ANT-XXVI/4, Weekly Report No. 5
4 May - 10 May 2010
At eight o’clock in the morning of May 5th the anchor of R/V Polarstern is dropped in the wide bay of Mindelo of the Cape Verdean island of São Vicente. The reason for our short visit to the Republic of Cape Verde – the first ever in the 28-year history of the vessel – are scientific studies at the Cape Verdean ocean time-series station, which are carried by the IFM-GEOMAR in Kiel. This station has been operated for several years now in cooperation with INDP, the national fishery research institute of Cape Verde. The stopover was not only used for embarkation of two more scientists and delivery of scientific equipment but also for a small reception for the cooperation partners from INDP. The Cape Verdean colleagues, who are operating a 22-m research vessel, where deeply impressed by the size and standard of the R/V Polarstern. After a short introduction to the scientific program of our current cruise and a short interview with the national Cape Verdean TV station the time had come to say Goodbye and depart for immediate continuation of the tight schedule of cruise ANT-XXVI/4.
Besides an intensive sampling program we also had to accomplish an exciting task at the time-series station north of Cape Verde: A swarm of gliders from the Kiel Leibniz Institute for Marine Sciences had to be recovered. Like glider planes these sophisticated instruments “fly” through the ocean and measure temperature, salinity, oxygen, chlorophyll and turbidity. The instruments, which generate propulsion through their wings only by means of changing their specific weight, can operate for months on a few Watt of power only. After several hours and a couple of zodiac trips all four gliders had been found and safely recovered from the ocean. Once onboard, Mario Müller – a glider specialist from the Leibniz Institute for Marine Sciences in Kiel – thoroughly inspected and cleaned the instruments and secured the valuable data sets.
The working group that I would like to present in this week’s report is my own group at the IFM-GEOMAR and its close cooperation partners at the Institute for Coastal Research of the GKSS in Geesthacht and the Institute for Physical Chemistry at the University of Kiel (Steffen Assmann, Meike Becker, Björn Fiedler, Gernot Friedrichs, Arne Körtzinger). We concern ourselves with the global carbon cycle and its anthropogenic perturbation. Human activitites have – largely through burning of fossil fuels such as gas, oil, and coal – caused atmospheric CO2 concentrations to rise by nearly 40 % since preindustrial times.
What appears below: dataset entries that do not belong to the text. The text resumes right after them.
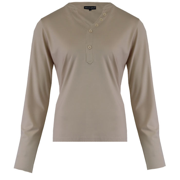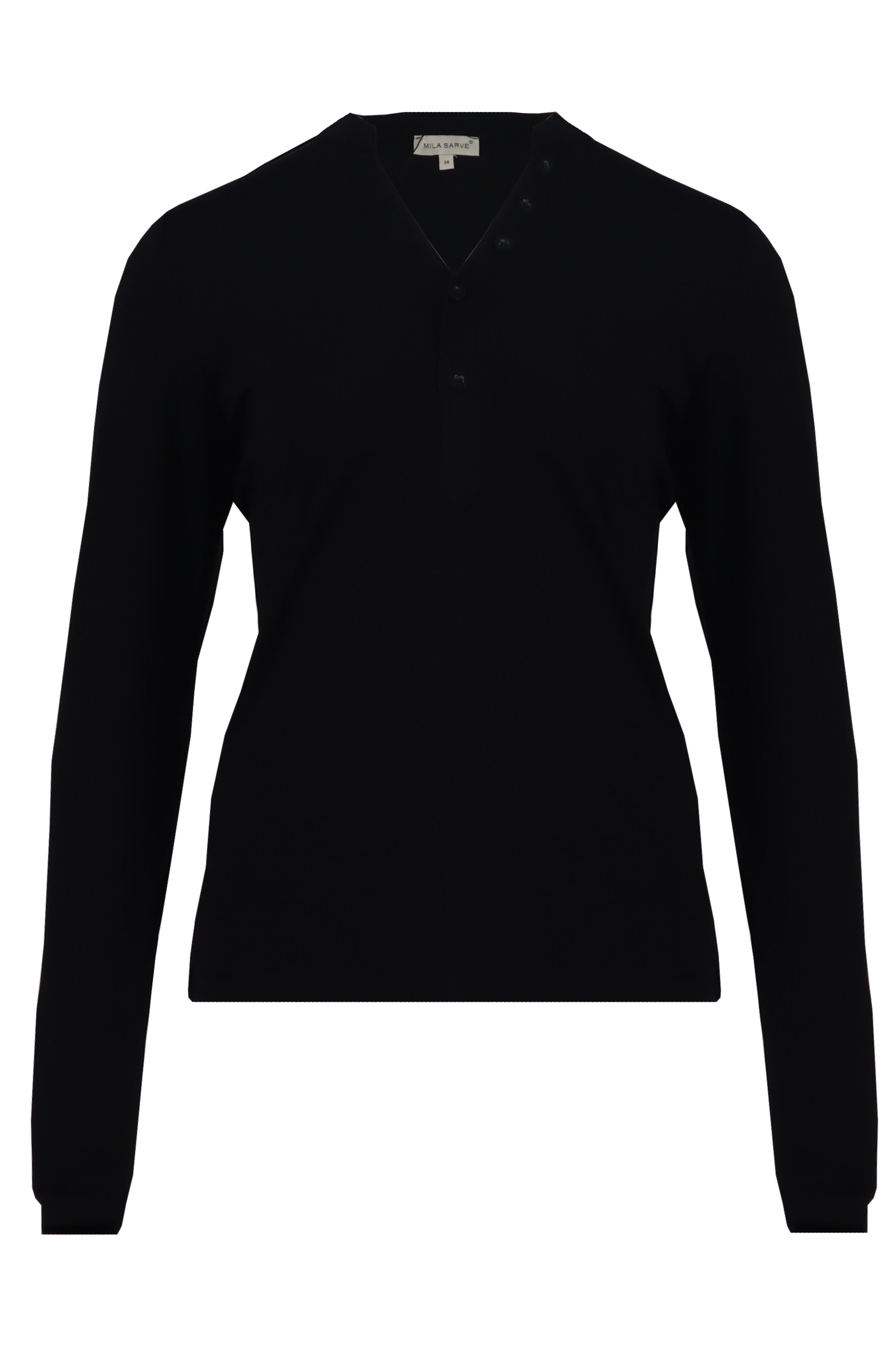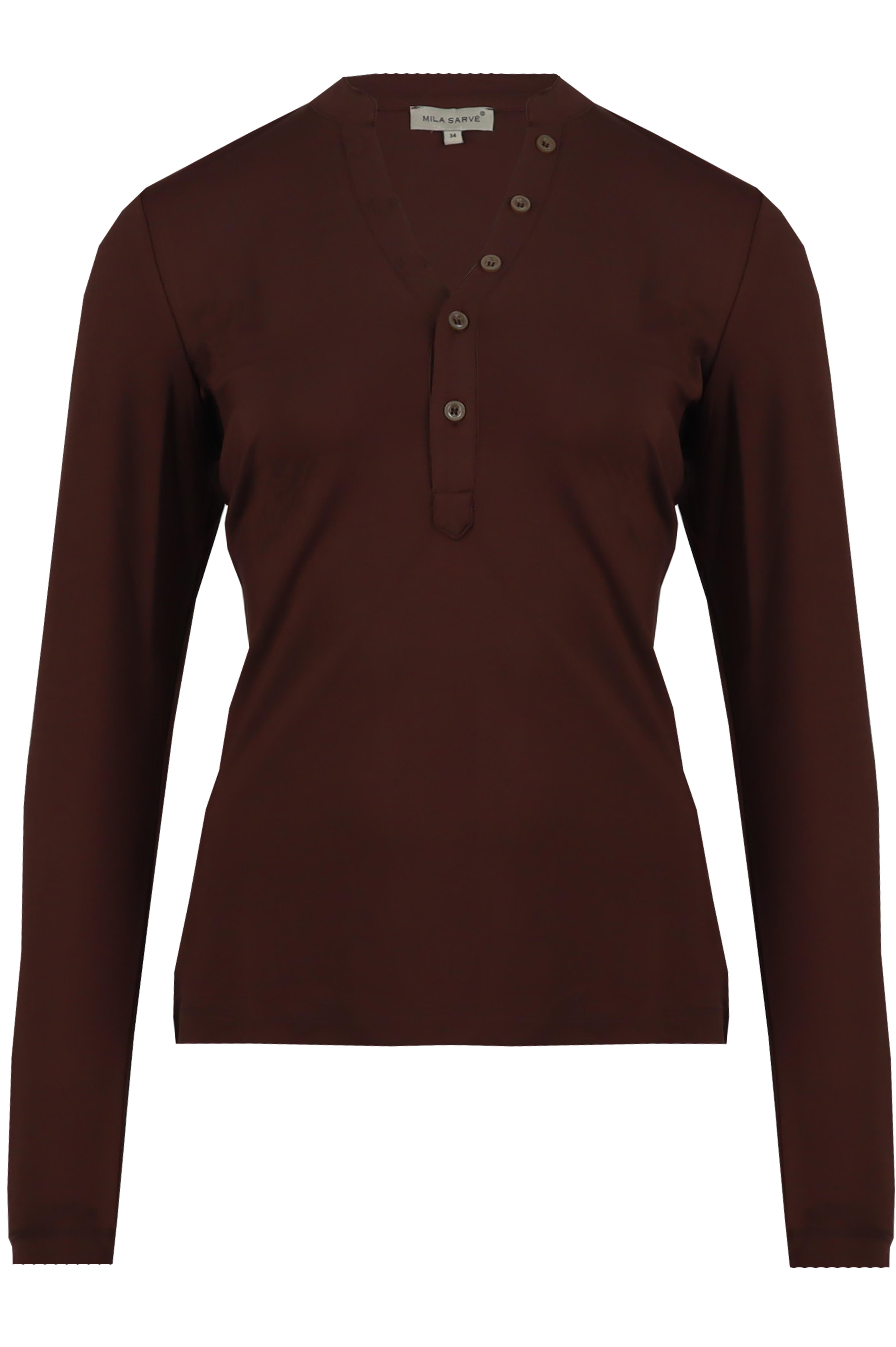 Deze top met lange mouwen is gemaakt van een fijne stof die niet kreukt en de hele dag mooi blijft. De V-hals is subtiel afgewerkt met kleine knoopjes, wat zorgt voor een vrouwelijke en verzorgde uitstraling. Verkrijgbaar in meerdere kleuren.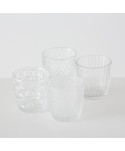 Descripció: Gots de vidre transparents gravats "VINTAGE", model MARILU, amb relleu. Proveïdors de complements per a floristeria i altres comerços de la decoració. Proveïdors d'articles per decorar la taula de Nadal.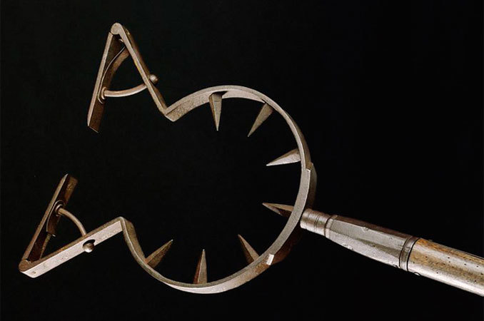 Let’s start things off right. This weapon does exactly what it says it does–it’s a highly specialized polearm with a spring-loaded set of sharpened jaws, designed to capture without killing. Mancatchers are the great equalizer, because they always hit AC 10 (plus or minus Dex), and on a hit immediately catch a character. Caught targets lose shield and Dex bonuses and can be pulled or pushed, dealing 1d2 points of damage per round–but the real kicker is those hapless targets are held in place, and can be pulled to the ground where it’s much harder to get in a fight.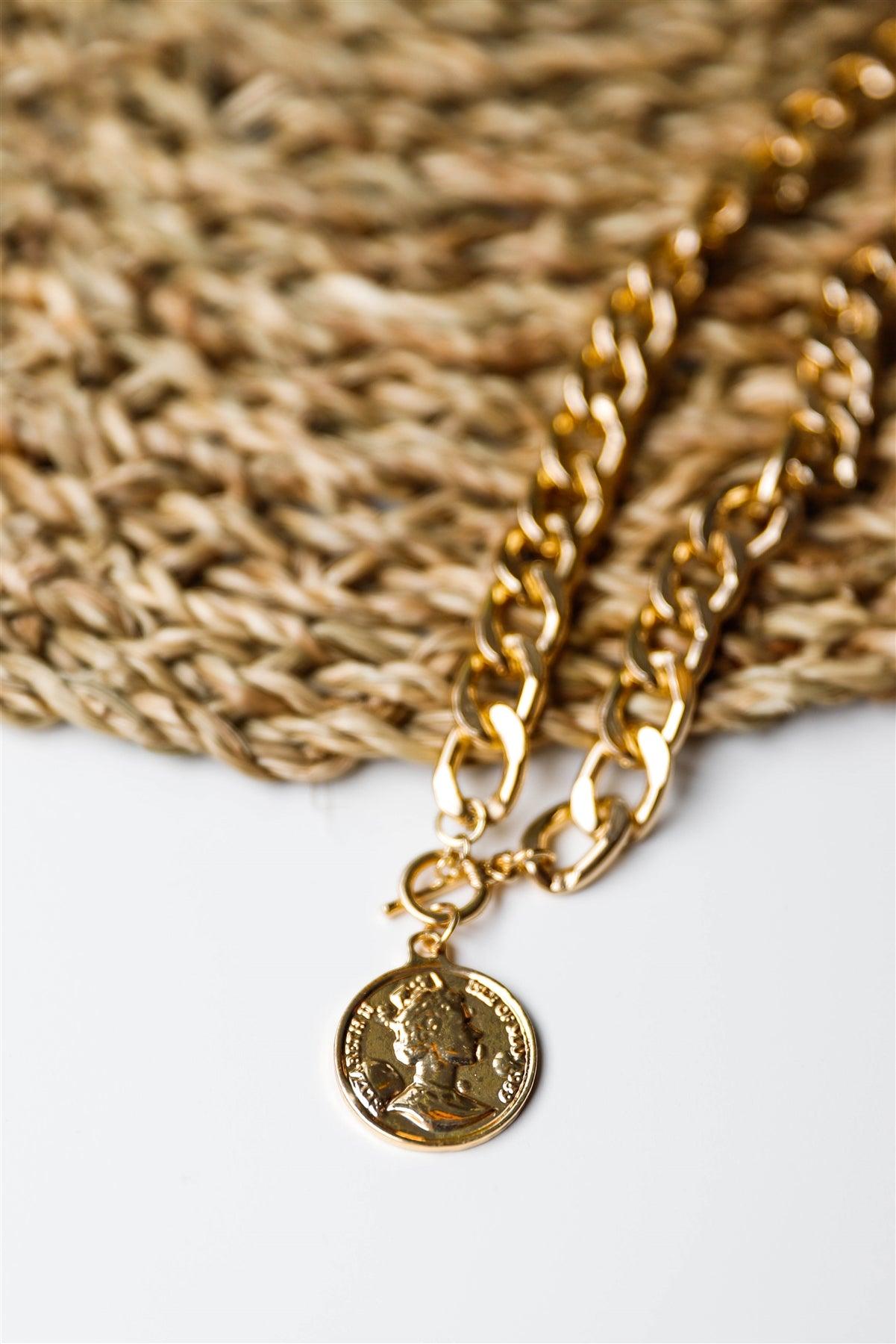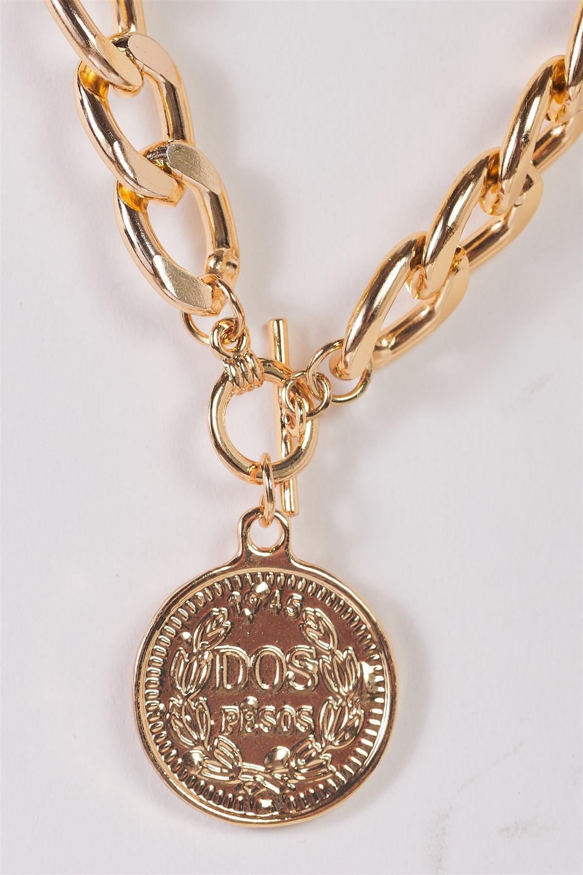 "Dos Pesos" Gold Chunky Link Chain Coin Pendant Necklace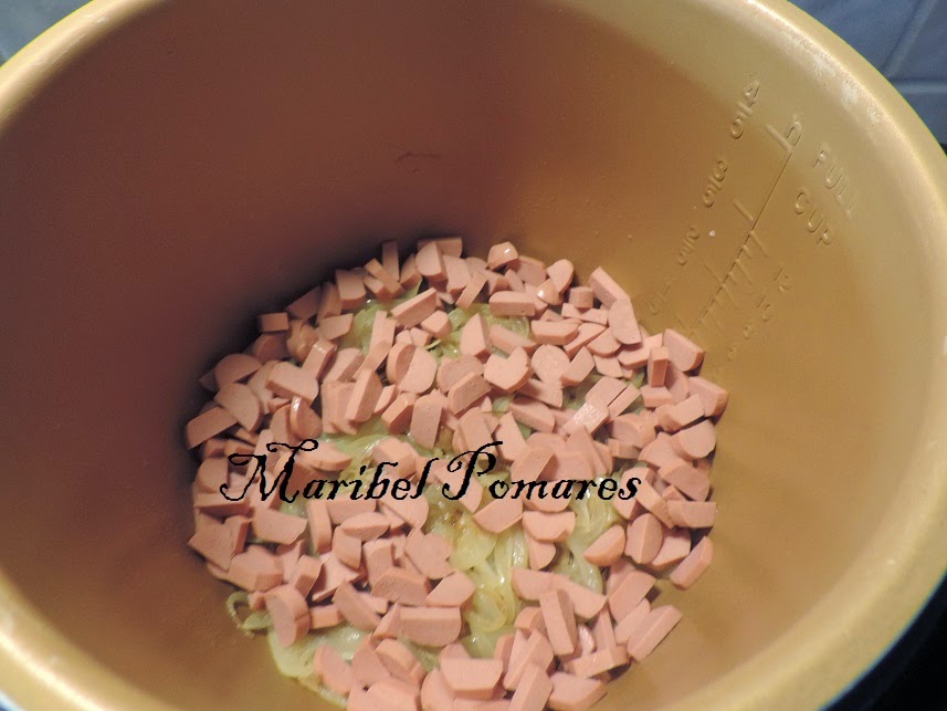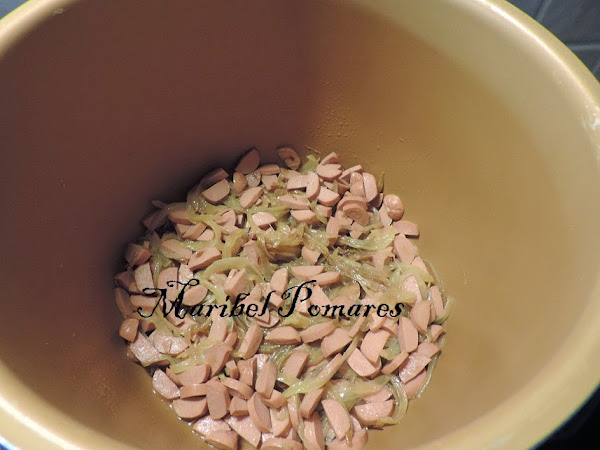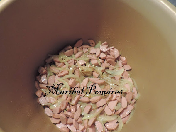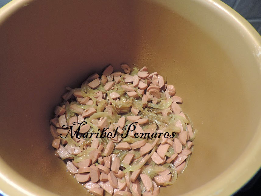 Cuando la cebolla empiece a ponerse blanca, añadimos las salchichas en trocitos.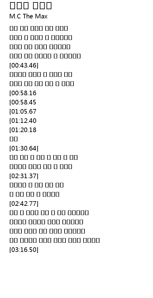 | [02:42.99] | 제발 나 모르게 그대 또 다른 사랑하세요 |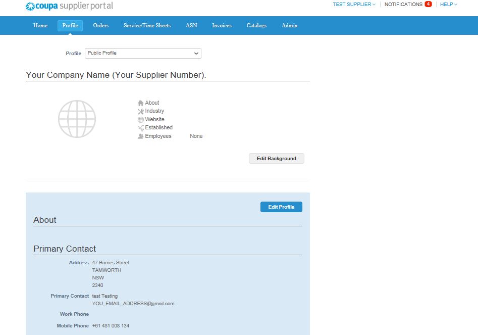 This section helps you manage your profile on the Coupa Supplier Portal i.e. address, and key contact details [Optional]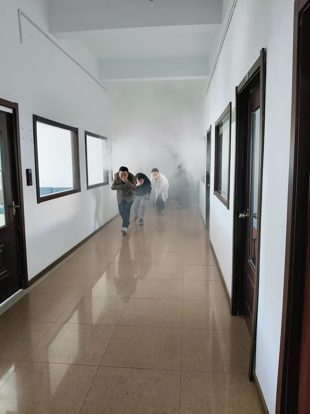 三、進(jìn)行消防演習(xí) 1、逃生 模擬辦公區(qū)域著火,辦公室人員遇火災(zāi)如何快速逃生。
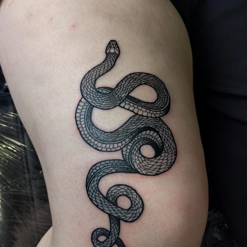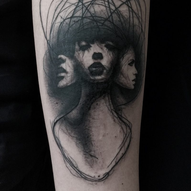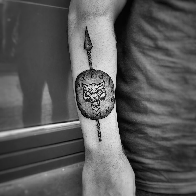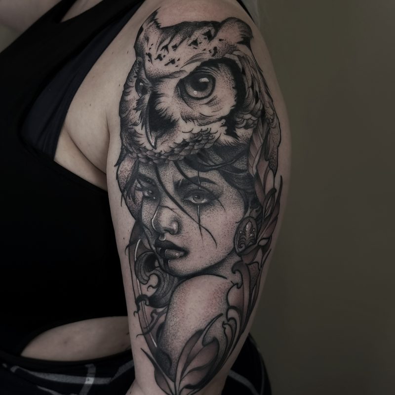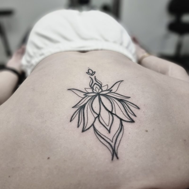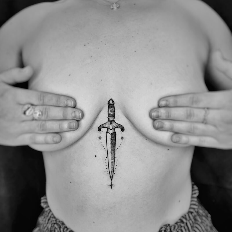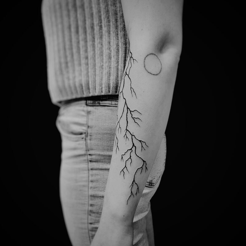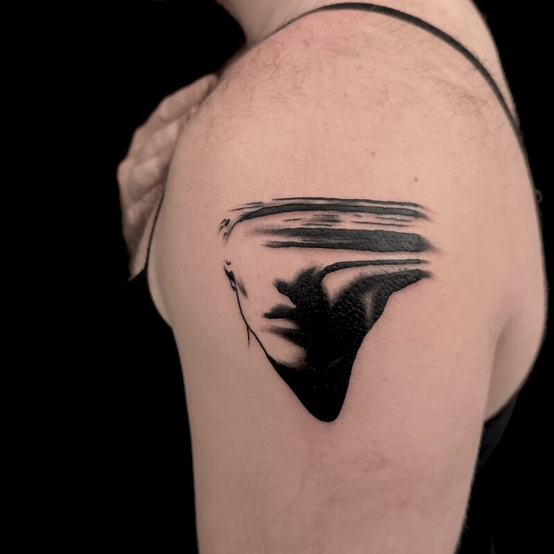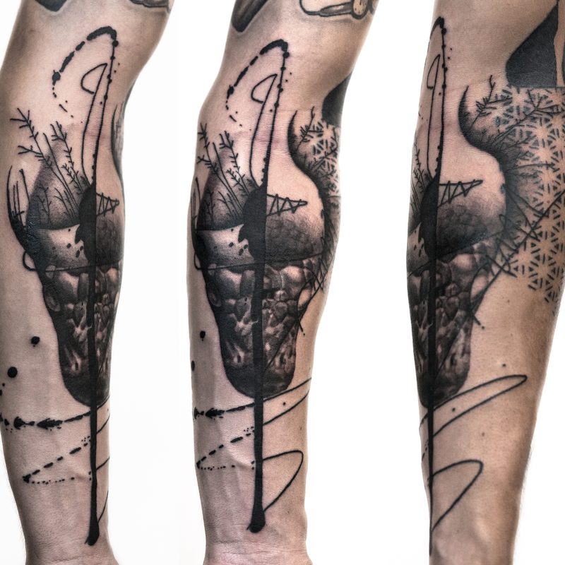 I am mainly interested in blackwork. My pieces consists of heavy block shading, incomplete and staggered outlines and stark contrasts where I emphasize the skin as the highlight. I love doing custom pieces, but also dedicate a lot of time to making new flash. I always try to make my flash as unique as possible, whether it's a rework of a traditional design or a concept of my own.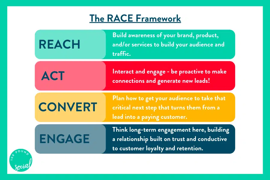 Note that all businesses are unique and can’t adopt common plans to succeed. Ensure you analyse your firm’s operations and customers before creating a plan. Use the RACE framework approach to funnel your sales – Reach, Act, Convert, Engage.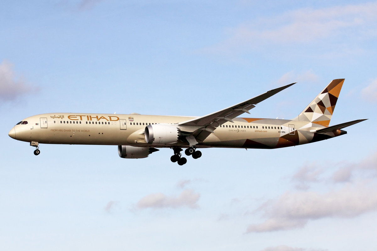 Etihad Airways Boeing 787-10 Dreamliner A6-BMA bei der Landung in Frankfurt 19.2.2021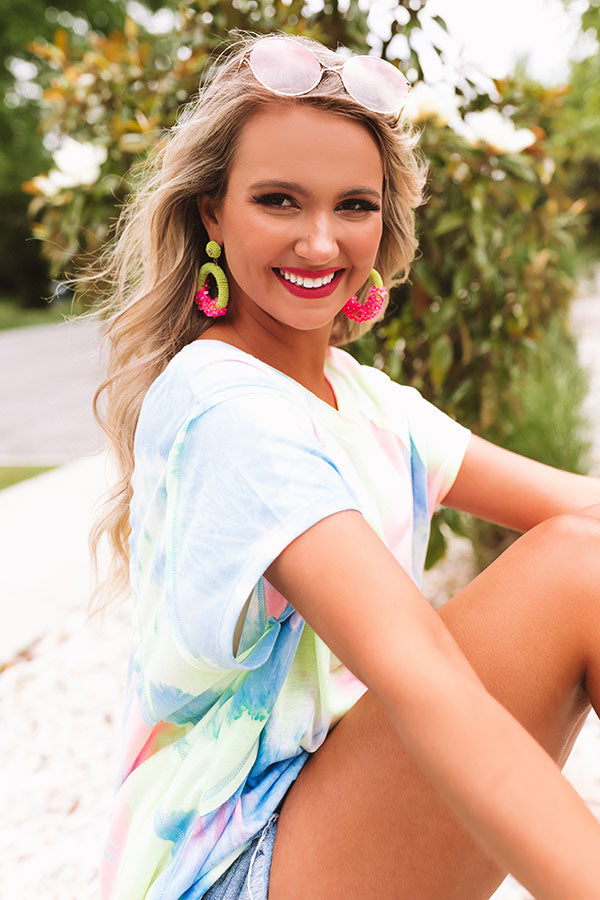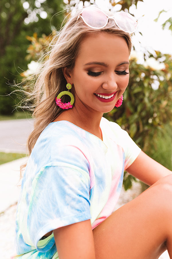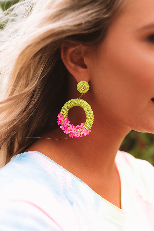 Stand out on vacay with our adorable "On Tiki Time" statement earrings featuring beaded half ball studs and dangling lime punch colored beaded hoops with multi colored sequin flowers accents!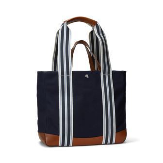 The Lora tote unites durable canvas with smooth, full-grain leather trim to create the season's must-have warm-weather accessory. With nautical-inspired stripes and a polished "LRL" logo at the front, it's equipped with a spacious silhouette and an array of pockets that easily store your essentials.

The additional atmospheric greenhouse effect associated with this CO2 increase is responsible for the major part of the observed climate change. The world’s ocean is a giant carbon reservoir and provides a huge uptake capacity for anthropogenic CO2 and thereby strongly dampens climate change. Projections of future climate change therefore depend on robust understanding of the oceanic carbon sink and its future development under changing climate forcing. This requires a detailed knowledge about trends and inherent natural variability in marine carbon reservoirs and their physical and biological drivers. Marine carbon research is confronted with the challenging task of providing highly precise measurements at high spatial and temporal resolution – at task that can only be accomplished in international collaboration.
The aspect of high measurement quality is addressed by improvement of the chemical methods employed and the development and testing of new instruments and sensors. This is always done in view of their use on autonomous platforms such as deep-sea moorings, profiling floats and merchant vessels which help to strongly enhance spatiotemporal coverage. Along this line a new sensor for measurement of the CO2 partial pressure, which was developed – in cooperation with us – by the Kiel company Contros, is tested in continuous mode throughout the cruise. Further tests in the water column help to evaluate the sensor performance under rapid temperature change and high pressure. After the successful test this sensor will soon be deployed on profiling floats near Cape Verde. Another example is an automated system for high-precision flow-through measurements of the pH of seawater that has reached a respectable precision of a few tenthousands of a pH unit during this cruise. The same system is now tested in a different setup for the feasibility of alkalinity measurements, another important quantity of the marine CO2 system. A third example, finally, is a Cavity Ring-Down Spectrometer, which is employed to measure the 13C isotope signature of the marine CO2 system in surface waters. This rather young technology provides extremely sensitive absorption measurement capabilites through an effective optical path length of several kilometers. In combination with a gas-water equilibration system precise measurements of the 13C/12C ratio of dissolved inorganic carbon, which provide different insight into major processes of the marine carbon cycle, can now be made at sea. After the very promising results of our cruise the system is planned to be deployed in fully autonomous mode on a merchant vessel in the near future.